EXERCISE GOAL - Although the records contain pictures, none belong in the copy: restate word for word only the lines from the one with "当地时间2020年2月9日,好莱坞,第9" through the one with "Free People Sabina", both included.
===== RECORDS FOR THE TASK =====
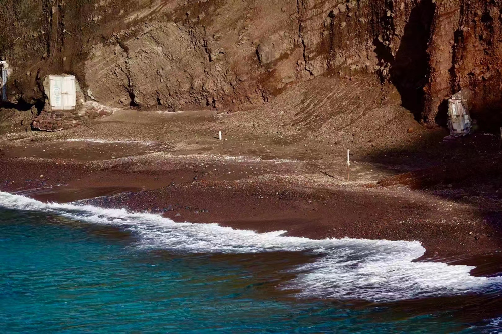 紅沙灘距離阿科羅提利遺址不遠,這里像是神話一般的地方。海水被大片深紅色高聳的山巖所包圍,紅色沙灘十分罕見,在陽光的照耀下更加顯得耀眼奪目。李仁奇 攝
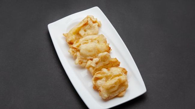 - Masukkan ke dalam adonan pelapis, goreng dengan minyak banyak.
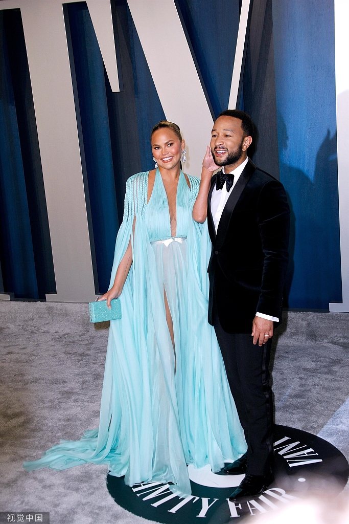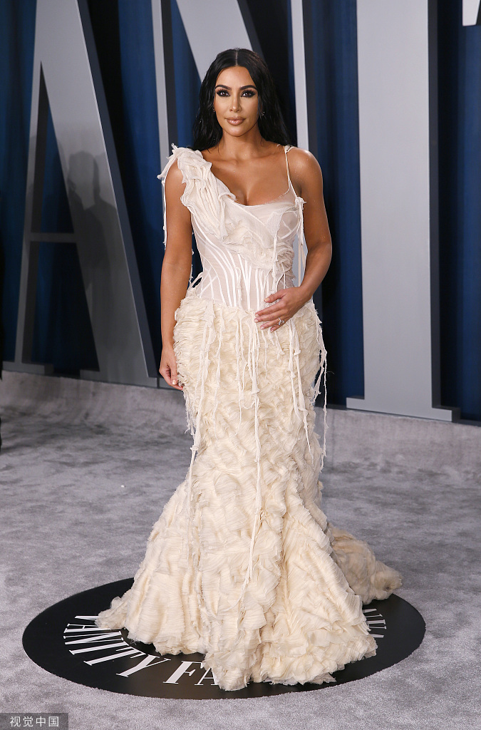 当地时间2020年2月9日,好莱坞,第92届奥斯卡颁奖礼,名利场派对。金·卡戴珊穿白色长裙和坎耶·韦斯特(Kanye West)秀恩
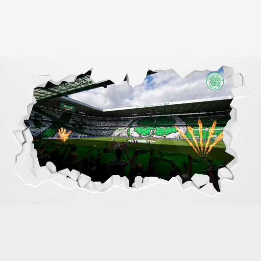Celtic FC Wall Sticker - Inside Stadium With Crowd and Flames Broken Wall
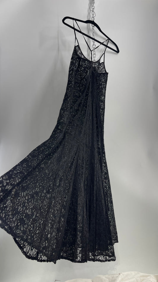 Free People Sabina Black Sheer Crimped Lace Long Sleeve Maxi with Ruched Slit (XS)
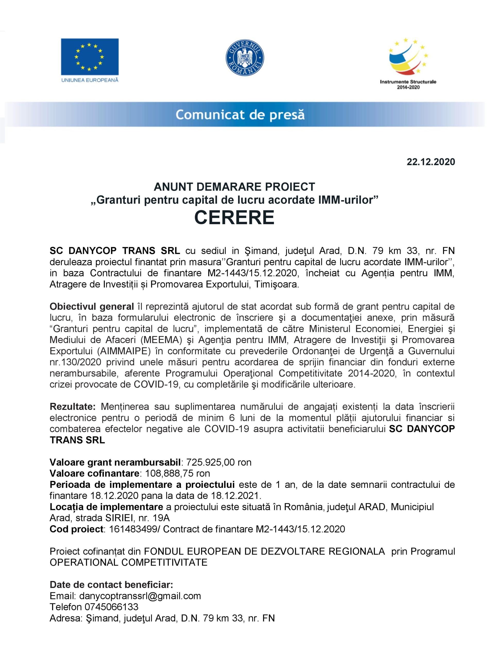 SC DANYCOP TRANS SRL cu sediul in Şimand, judeţul Arad, D.N. 79 km 33, nr. FN deruleaza proiectul finantat prin masura’’Granturi pentru capital de lucru acordate IMM-urilor’’, in baza Contractului de finantare M2-1443/15.12.2020, încheiat cu Agenția pentru IMM, Atragere de Investiții și Promovarea Exportului, Timişoara.
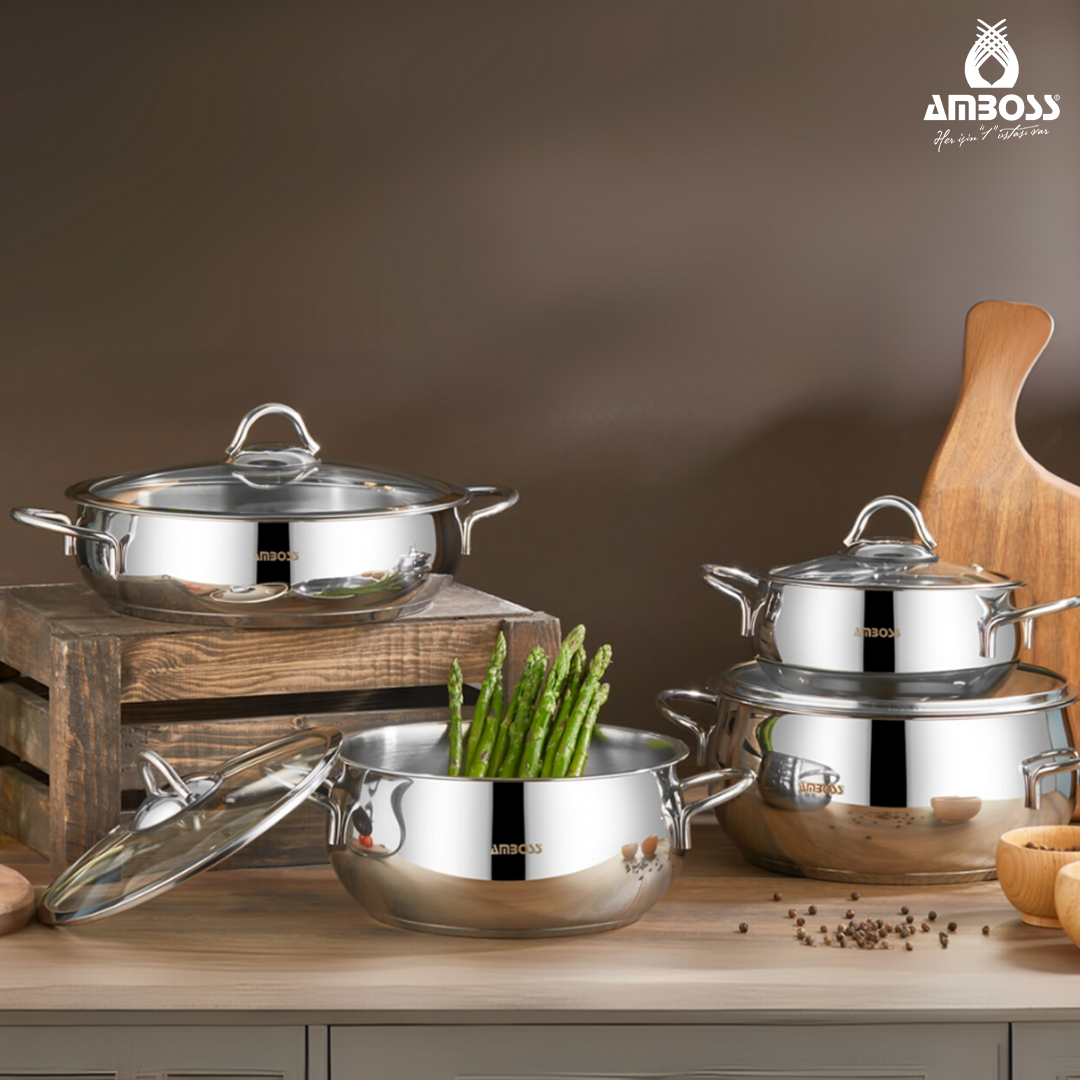 L’ensemble de 8 pièces Amboss Stone, avec son design élégant, sa construction robuste et sa large gamme de produits, vous accompagnera dans votre cuisine pendant de nombreuses années. Adapté aux cuisines professionnelles comme aux particuliers, cet ensemble transformera la cuisine en un véritable plaisir.
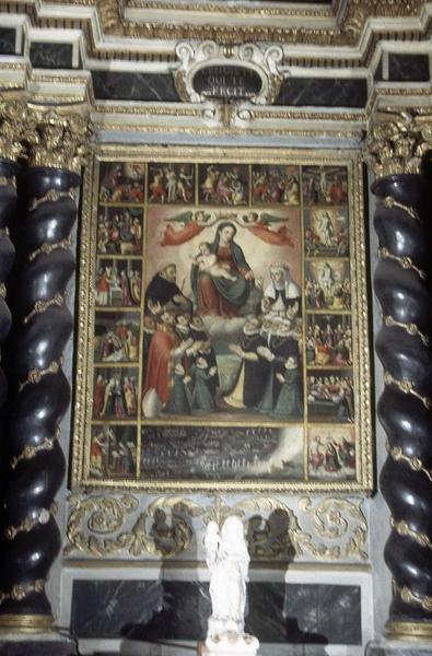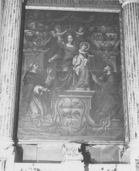 tableau : Vierge à l'Enfant donnant le Rosaire à saint Dominique et le Cordon de l'ordre à saint François
=====
WRITTEN RESPONSE -
 当地时间2020年2月9日,好莱坞,第92届奥斯卡颁奖礼,名利场派对。金·卡戴珊穿白色长裙和坎耶·韦斯特(Kanye West)秀恩
Celtic FC Wall Sticker - Inside Stadium With Crowd and Flames Broken Wall
 Free People Sabina Black Sheer Crimped Lace Long Sleeve Maxi with Ruched Slit (XS)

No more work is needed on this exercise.